Tuesday, July 26, 2011

Nightmares

I went back to Colorado very briefly this weekend for Neena's wedding.  I wish I would have had time to see and do all the things I wanted to do but to be very honest.. not only was there very little time, but there wasn't a lot within my comfort zone.  See... people in Utah... they knew me back when I was over 200 lbs... but the Colorado folk... they've never known me to be large at all... and... as I laid on the floor of a friends basement after arriving there at 3 o'clock in the morning... I had a dream.. that people wouldn't recognize me because of my new found keg around the middle. 
I met Neena when I worked at the gym... so each time people at the wedding would ask me how we knew them... I would have to tell them that I was her personal trainer the previous summer and every time I would start with "it's kind of embarrassing" because seriously... how embarrassing that last summer I was a personal trainer and this summer... I'm tiptoeing around an unhealthy BMI eating my own words... and sorrow! 
I still have not figured out how to cope.  How to be ME and still be a student, and a mom, and a wife, and health conscious! 
GAH!!  I have got to get this figured out now... strange I know.... but somedays I wonder if I actually know how.  I mean... I know how to lose weight.. cause I did it before RIGHT?  Except I'm not that girl anymore... I'm someone else.  Maybe I'm more like who I want to become but less like the complete package I desperately want to be.  I've never felt so intelligent and necessary to humanity before as I do when I'm LEARNING in school... but I also feel so incredibly LARGE and out of shape and hypocritical on a daily basis.  Food glorious food!  I think I'm going to dig out my "The Eat Clean Diet" and freshen up on why I loved that way of living!
Hope you are all well! :)

5 comments:

Dani said...

See this is what amazes me about you.

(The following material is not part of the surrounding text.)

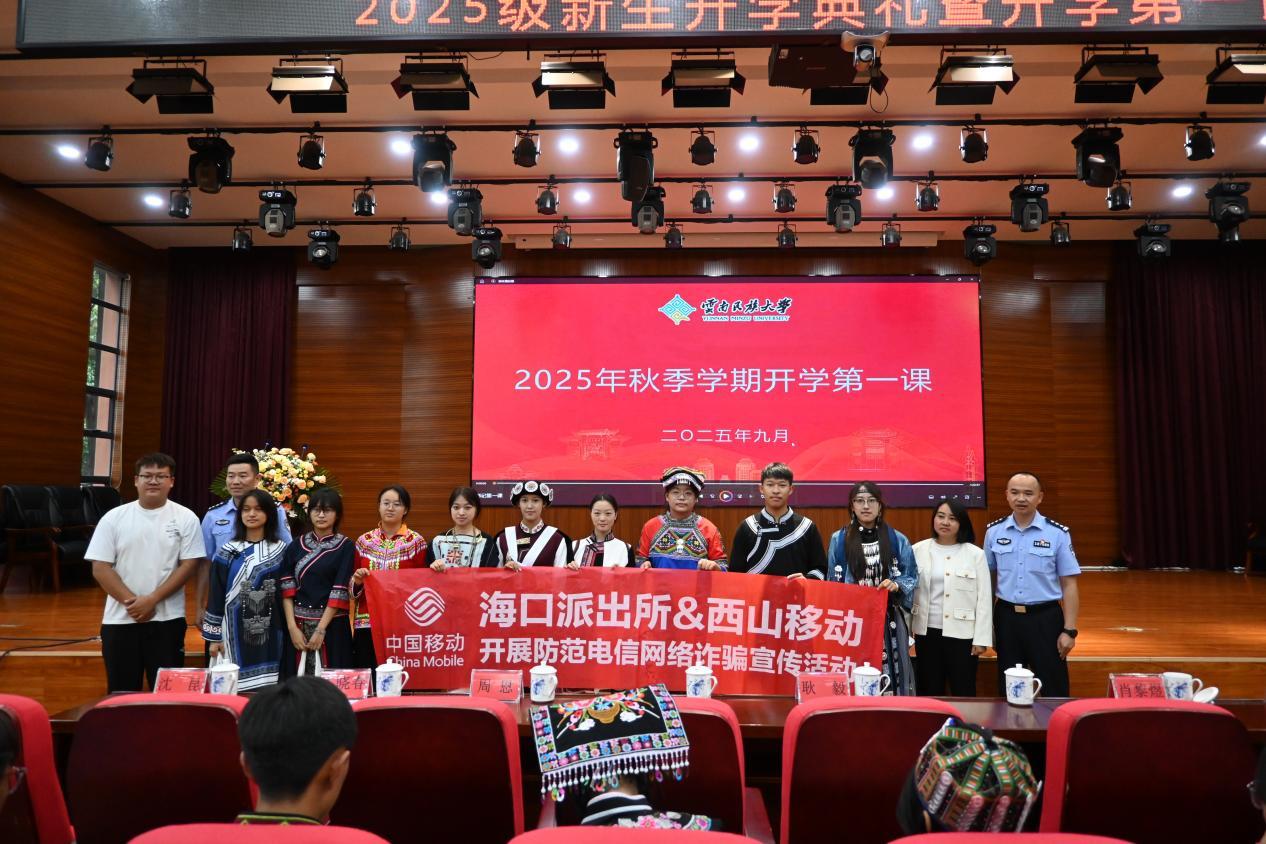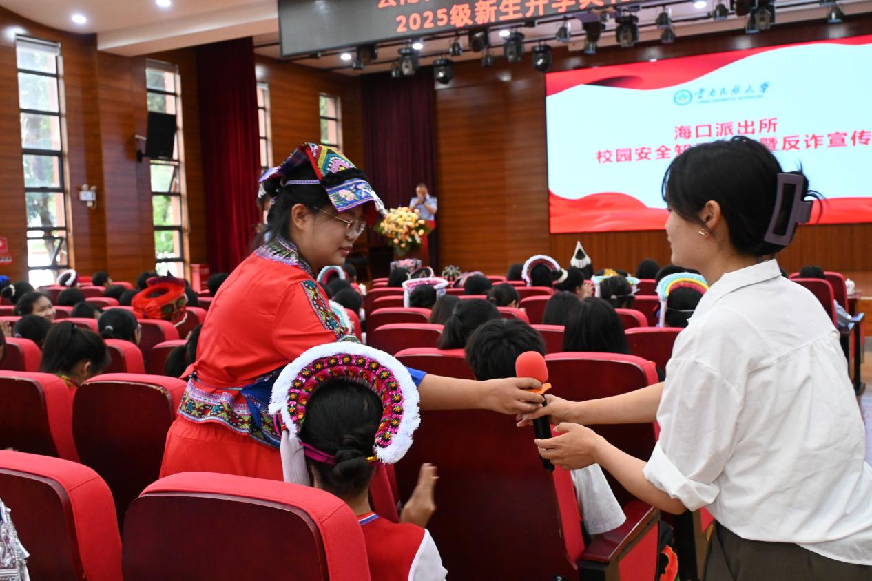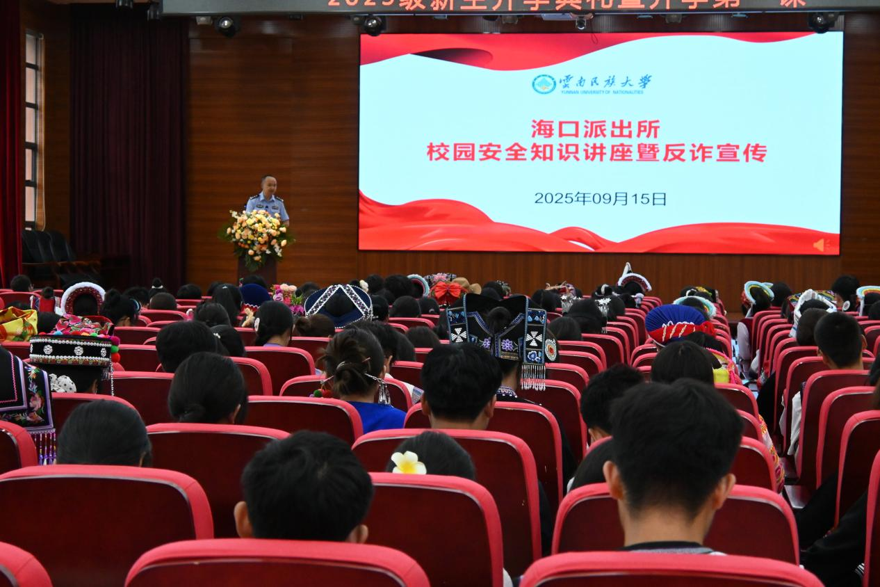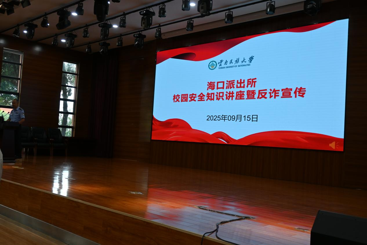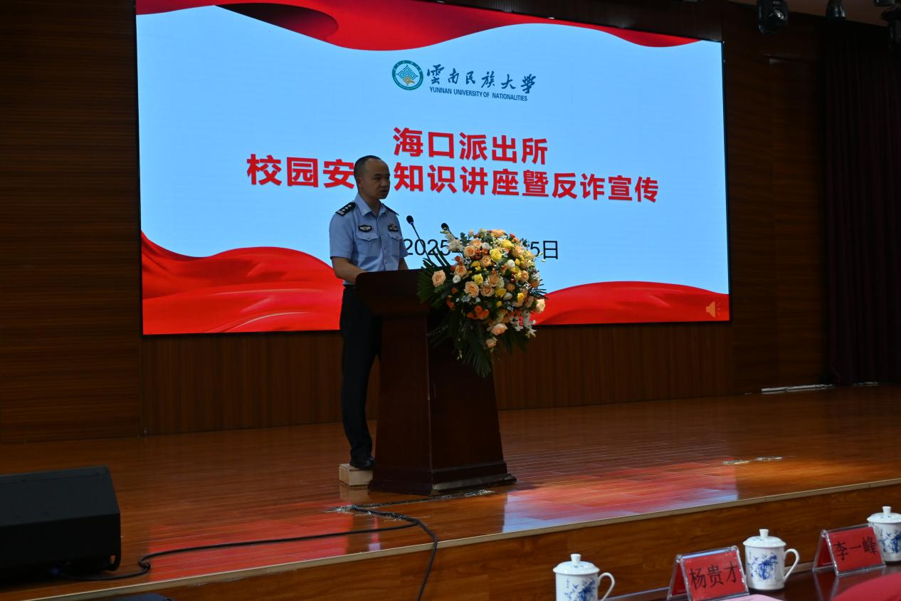 近年来网络电信诈骗案件(包括电话、电信、网络、淘宝网刷信誉等)多发,诈骗分子无孔不入,利用多种途径进行诈骗。大学生是诈骗分子行骗的主要对象之一,部分大学生安全防范意识薄弱,为维护良好的学习环境,提升大学生安全防范意识,学会保护自己,掌握防诈骗技巧,共同营造一个和谐美好的校园环境。2025年9月15日下午,海口街道派出所王晓春所长、沈昆副所长、杨贵才民警到云南民族大学海口校区明汇楼一楼报告厅开展2025级校园安全知识讲座暨防诈宣传教育活动。本次活动采取线上线下相结合的方式开展,全院3200余名师生参与。

You have lost the weight before, and I know you can do it again! You were able to balance it last summer with all your responsibilities, and adding such a large thing as school will take some re-adjusting to. And Im sure everyone agrees that you do know how to loose the weight. I love the eat clean book you recommended to me, and I hope you can find your way by re-reading it! I hate to see you struggle but I know you will pull through because of everything you taught me last summer!

Elise said...

I too, hate to see you struggle. I love you! HOWEVER, I have come to believe that finding the true 'package' that makes 'us' will take a lifetime. There will be times we are the perfect weight, but not the perfect 'other stuff'. Or visa versa in so many different varieties. You are on the right path. You are doing your best, and that is enough. Work every day to be a better you, an all around you, and someday you'll find the 'package' you desire is forming. You can do it. We all can do it. We just have to agree it takes longer than we want...but it's worth working for it!!!

fluuufin said...

Oh man. I am SO struggling with finding a balance. I am SO either ON or totally OFF. God help us all!!

Amy said...

I'm sure you are much more aware of any weight you've gained than those you're meeting. My honest opinion? I think it can be good to gain weight once after losing it and go through it again. When I lost 110 lbs I thought I was the shit. I wasn't like 'those' people who weren't losing weight. I DID it! And, I remember telling my husband I'd never be fat again. Ug. Here I am again! Yep, with a whole new appreciation and a giant slice of humble pie. You can do it again and learn so much more about yourself and how you're going to manage it for the rest of your life. It sucks to have to think that way, but that's been my lesson in all of this. For the rest of my life I'm going to have to be careful. Hate it!

Moi said...

It is hard to find balance. I think that is biggest part. Losing weight in theory is easy but finding time to fit it in gets much harder.

Good luck. Just remember, you don't have to be perfect. We love you even if you are not super skinny. I will kick your butt if you put back on 200 pounds but if you are at the top of your healthy bmi at least its still in the healthy range.